━━━━━ Data for this task

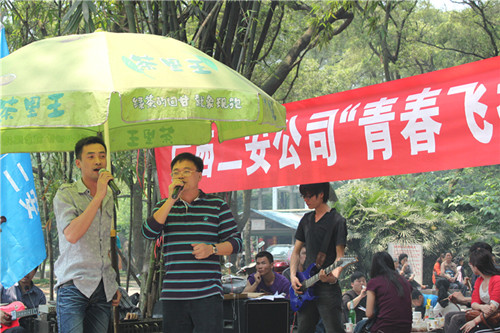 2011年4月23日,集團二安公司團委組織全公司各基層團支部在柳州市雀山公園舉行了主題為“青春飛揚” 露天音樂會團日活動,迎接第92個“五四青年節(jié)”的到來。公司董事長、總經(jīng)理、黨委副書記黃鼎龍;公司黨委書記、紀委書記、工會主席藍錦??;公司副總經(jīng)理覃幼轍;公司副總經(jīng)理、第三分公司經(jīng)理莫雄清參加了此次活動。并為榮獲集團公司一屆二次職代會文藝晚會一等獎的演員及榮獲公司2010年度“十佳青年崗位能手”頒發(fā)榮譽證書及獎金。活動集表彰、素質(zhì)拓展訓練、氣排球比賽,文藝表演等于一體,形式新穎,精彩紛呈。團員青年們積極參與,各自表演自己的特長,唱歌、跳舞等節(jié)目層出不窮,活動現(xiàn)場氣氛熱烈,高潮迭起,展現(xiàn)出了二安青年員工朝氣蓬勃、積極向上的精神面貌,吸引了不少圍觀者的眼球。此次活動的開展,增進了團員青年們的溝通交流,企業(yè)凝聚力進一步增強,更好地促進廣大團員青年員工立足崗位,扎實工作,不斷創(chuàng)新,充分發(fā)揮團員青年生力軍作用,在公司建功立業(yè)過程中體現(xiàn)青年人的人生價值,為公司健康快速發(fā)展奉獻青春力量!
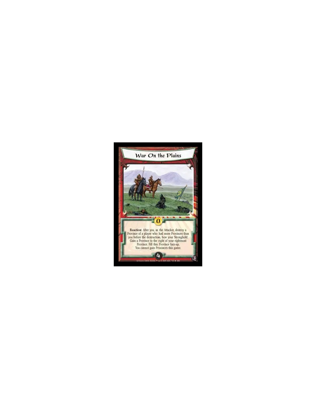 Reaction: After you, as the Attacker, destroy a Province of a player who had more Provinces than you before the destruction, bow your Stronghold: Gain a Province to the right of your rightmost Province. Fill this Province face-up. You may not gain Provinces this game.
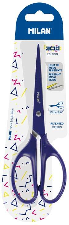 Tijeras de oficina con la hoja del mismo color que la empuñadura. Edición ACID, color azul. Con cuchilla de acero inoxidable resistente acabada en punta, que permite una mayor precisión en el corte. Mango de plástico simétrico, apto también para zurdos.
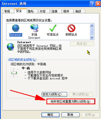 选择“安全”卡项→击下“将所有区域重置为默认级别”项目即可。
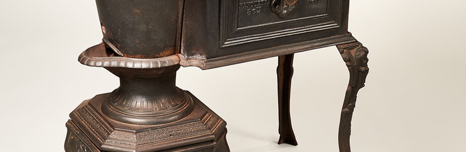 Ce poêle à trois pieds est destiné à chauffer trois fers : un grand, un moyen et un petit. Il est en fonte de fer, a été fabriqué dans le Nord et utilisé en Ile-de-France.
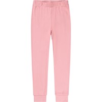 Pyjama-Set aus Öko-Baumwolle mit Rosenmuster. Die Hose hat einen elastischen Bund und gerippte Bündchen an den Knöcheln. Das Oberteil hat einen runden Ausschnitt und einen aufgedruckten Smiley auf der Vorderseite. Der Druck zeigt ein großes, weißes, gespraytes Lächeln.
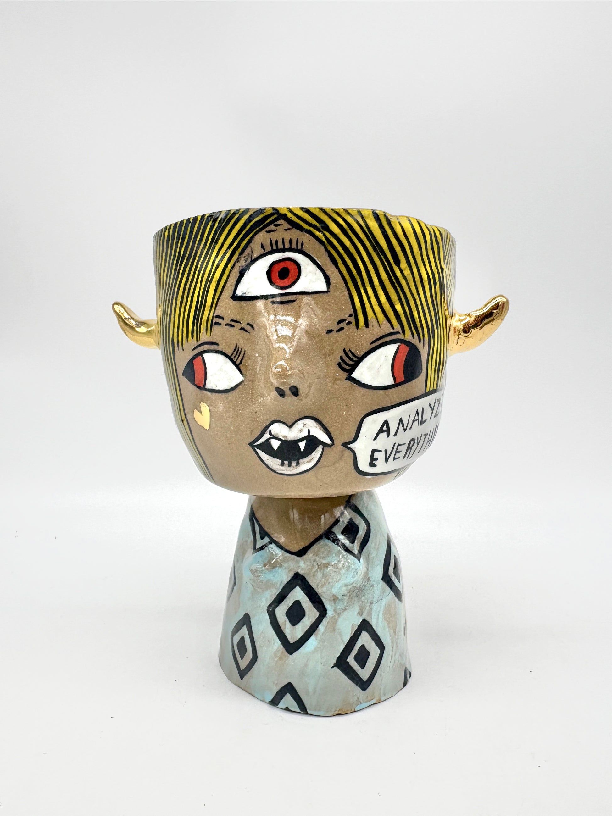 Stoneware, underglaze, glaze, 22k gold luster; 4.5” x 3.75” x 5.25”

━━━━━━━━━━
━━━━━ Data for this task

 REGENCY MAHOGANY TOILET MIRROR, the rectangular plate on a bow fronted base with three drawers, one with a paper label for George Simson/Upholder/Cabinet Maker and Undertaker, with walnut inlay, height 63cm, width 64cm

━━━━━━━━━━

Action item:
Nothing but the lines from the one containing "Reaction: After you, as" through the one containing "Stoneware, underglaze, glaze, 22k" should appear, copied exactly from the material above and without pictures.

Solution:
 Reaction: After you, as the Attacker, destroy a Province of a player who had more Provinces than you before the destruction, bow your Stronghold: Gain a Province to the right of your rightmost Province. Fill this Province face-up. You may not gain Provinces this game.
 Tijeras de oficina con la hoja del mismo color que la empuñadura. Edición ACID, color azul. Con cuchilla de acero inoxidable resistente acabada en punta, que permite una mayor precisión en el corte. Mango de plástico simétrico, apto también para zurdos.
 选择“安全”卡项→击下“将所有区域重置为默认级别”项目即可。
 Ce poêle à trois pieds est destiné à chauffer trois fers : un grand, un moyen et un petit. Il est en fonte de fer, a été fabriqué dans le Nord et utilisé en Ile-de-France.
 Pyjama-Set aus Öko-Baumwolle mit Rosenmuster. Die Hose hat einen elastischen Bund und gerippte Bündchen an den Knöcheln. Das Oberteil hat einen runden Ausschnitt und einen aufgedruckten Smiley auf der Vorderseite. Der Druck zeigt ein großes, weißes, gespraytes Lächeln.
 Stoneware, underglaze, glaze, 22k gold luster; 4.5” x 3.75” x 5.25”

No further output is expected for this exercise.